## EXERCISE AIM:
Could you restate all of the records exactly, leaving out the pictures?

## DATASET CONTENT:

Segment Open

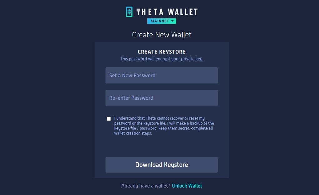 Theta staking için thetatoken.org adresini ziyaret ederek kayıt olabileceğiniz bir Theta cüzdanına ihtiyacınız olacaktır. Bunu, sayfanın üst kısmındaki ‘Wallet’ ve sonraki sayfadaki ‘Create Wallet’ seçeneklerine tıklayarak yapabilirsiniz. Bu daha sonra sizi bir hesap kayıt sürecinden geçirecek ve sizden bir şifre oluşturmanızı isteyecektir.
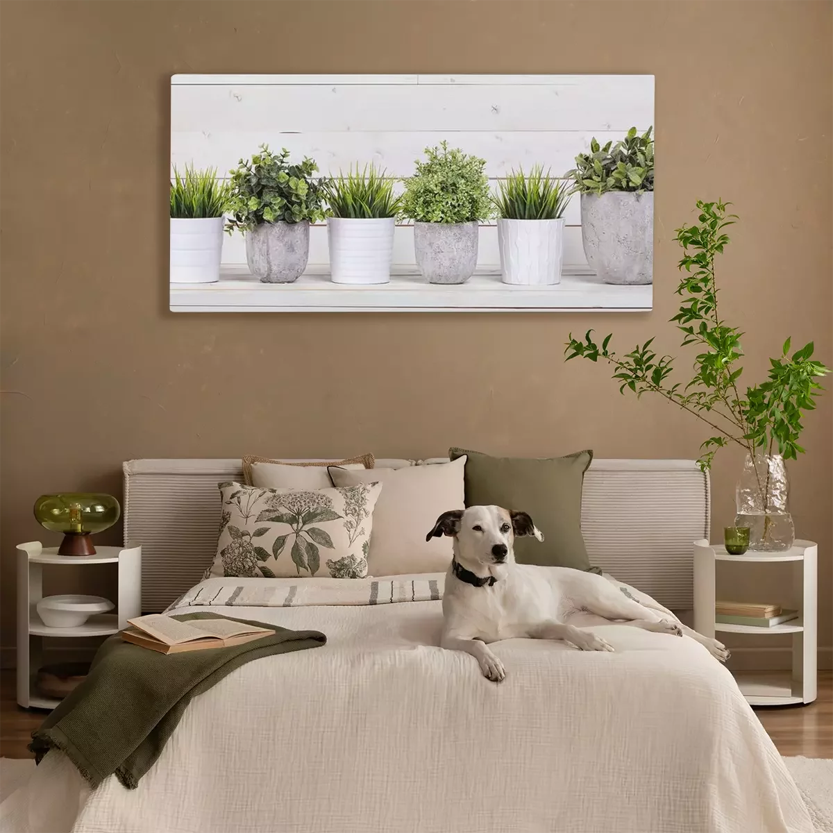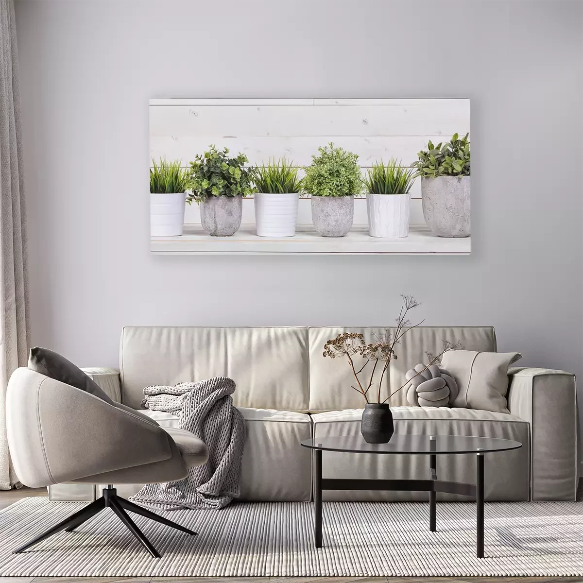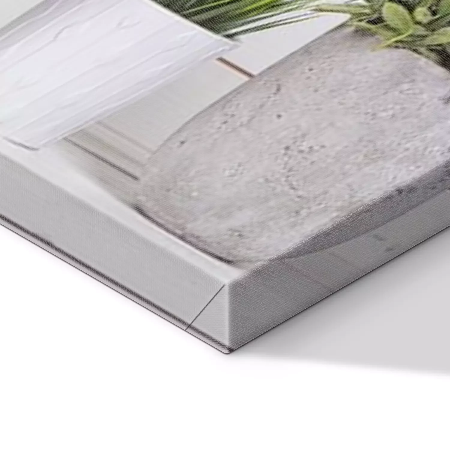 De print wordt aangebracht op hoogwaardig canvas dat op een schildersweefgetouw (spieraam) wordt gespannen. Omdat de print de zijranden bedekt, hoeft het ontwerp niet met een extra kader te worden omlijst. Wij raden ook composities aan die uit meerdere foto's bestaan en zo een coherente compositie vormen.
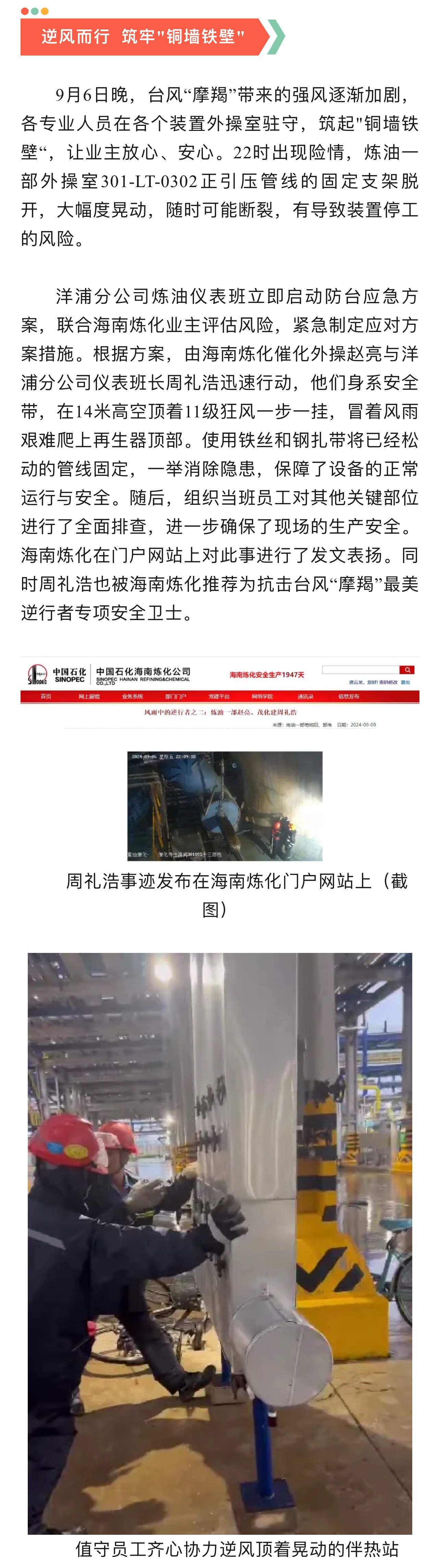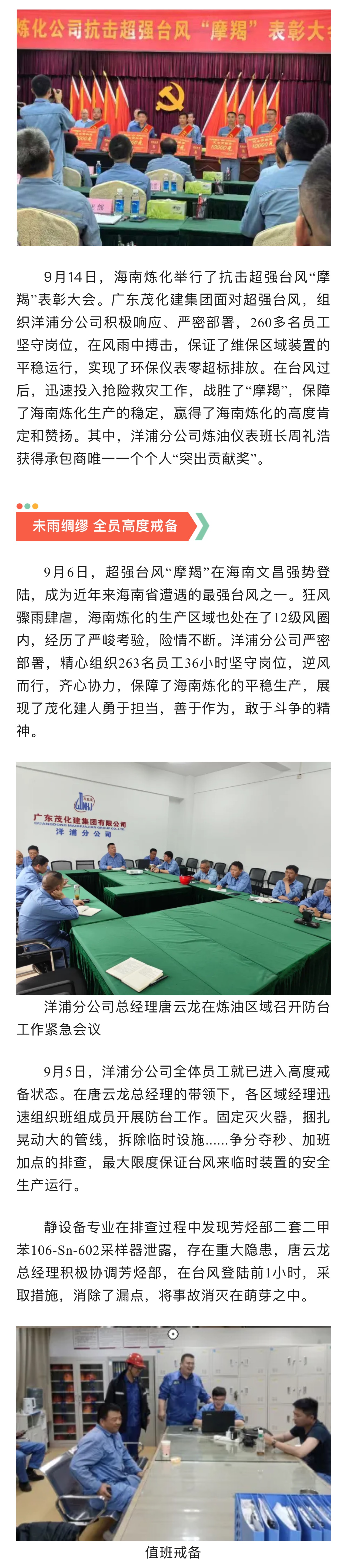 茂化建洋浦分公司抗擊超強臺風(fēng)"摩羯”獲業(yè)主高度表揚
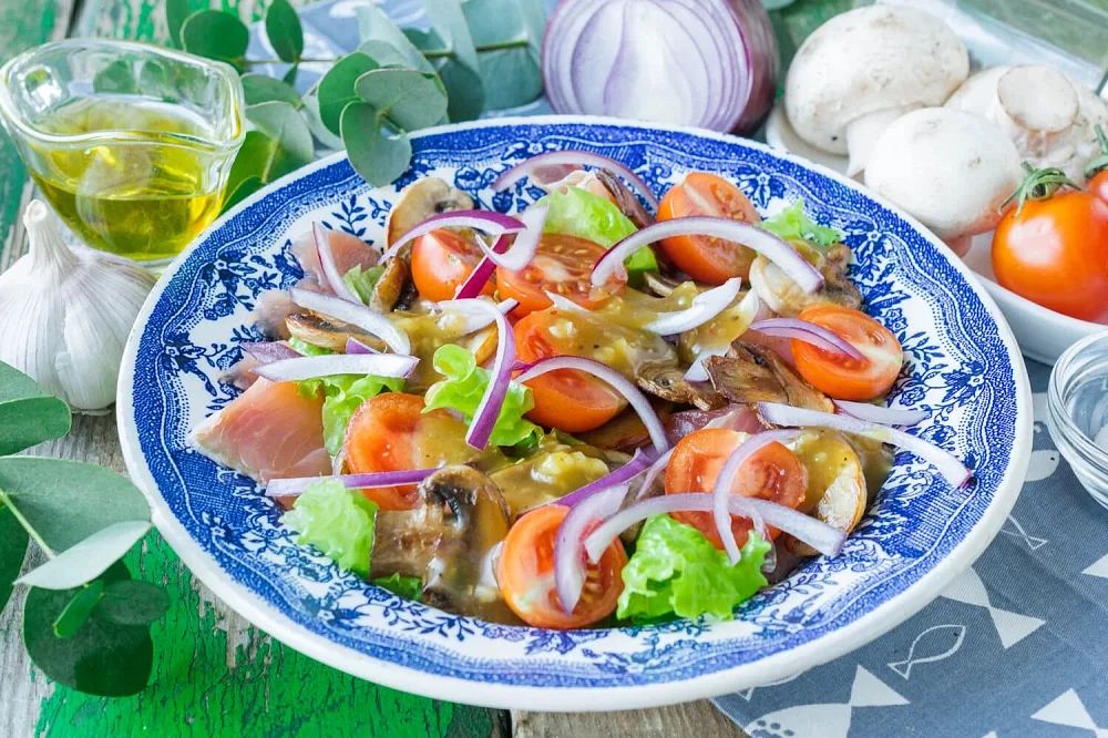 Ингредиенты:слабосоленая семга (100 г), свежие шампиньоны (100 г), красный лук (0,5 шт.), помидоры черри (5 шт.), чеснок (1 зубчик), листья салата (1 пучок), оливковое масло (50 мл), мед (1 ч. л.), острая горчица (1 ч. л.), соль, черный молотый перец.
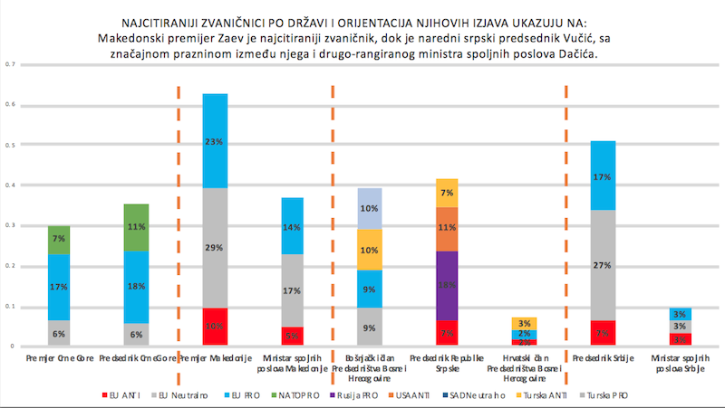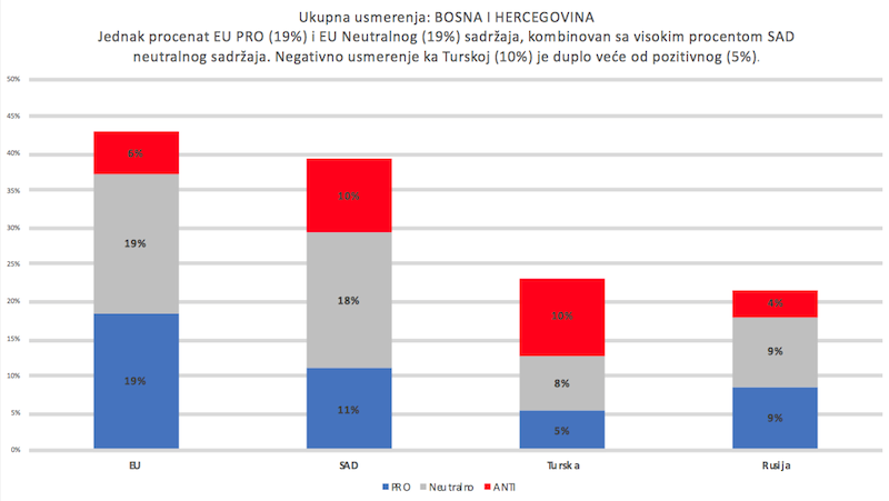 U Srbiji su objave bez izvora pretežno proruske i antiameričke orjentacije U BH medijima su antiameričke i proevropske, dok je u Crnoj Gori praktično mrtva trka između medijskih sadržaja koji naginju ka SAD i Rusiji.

Segment Closed

## TASK SOLUTION:
 Theta staking için thetatoken.org adresini ziyaret ederek kayıt olabileceğiniz bir Theta cüzdanına ihtiyacınız olacaktır. Bunu, sayfanın üst kısmındaki ‘Wallet’ ve sonraki sayfadaki ‘Create Wallet’ seçeneklerine tıklayarak yapabilirsiniz. Bu daha sonra sizi bir hesap kayıt sürecinden geçirecek ve sizden bir şifre oluşturmanızı isteyecektir.
 De print wordt aangebracht op hoogwaardig canvas dat op een schildersweefgetouw (spieraam) wordt gespannen. Omdat de print de zijranden bedekt, hoeft het ontwerp niet met een extra kader te worden omlijst. Wij raden ook composities aan die uit meerdere foto's bestaan en zo een coherente compositie vormen.
 茂化建洋浦分公司抗擊超強臺風(fēng)"摩羯”獲業(yè)主高度表揚
 Ингредиенты:слабосоленая семга (100 г), свежие шампиньоны (100 г), красный лук (0,5 шт.), помидоры черри (5 шт.), чеснок (1 зубчик), листья салата (1 пучок), оливковое масло (50 мл), мед (1 ч. л.), острая горчица (1 ч. л.), соль, черный молотый перец.
 U Srbiji su objave bez izvora pretežno proruske i antiameričke orjentacije U BH medijima su antiameričke i proevropske, dok je u Crnoj Gori praktično mrtva trka između medijskih sadržaja koji naginju ka SAD i Rusiji.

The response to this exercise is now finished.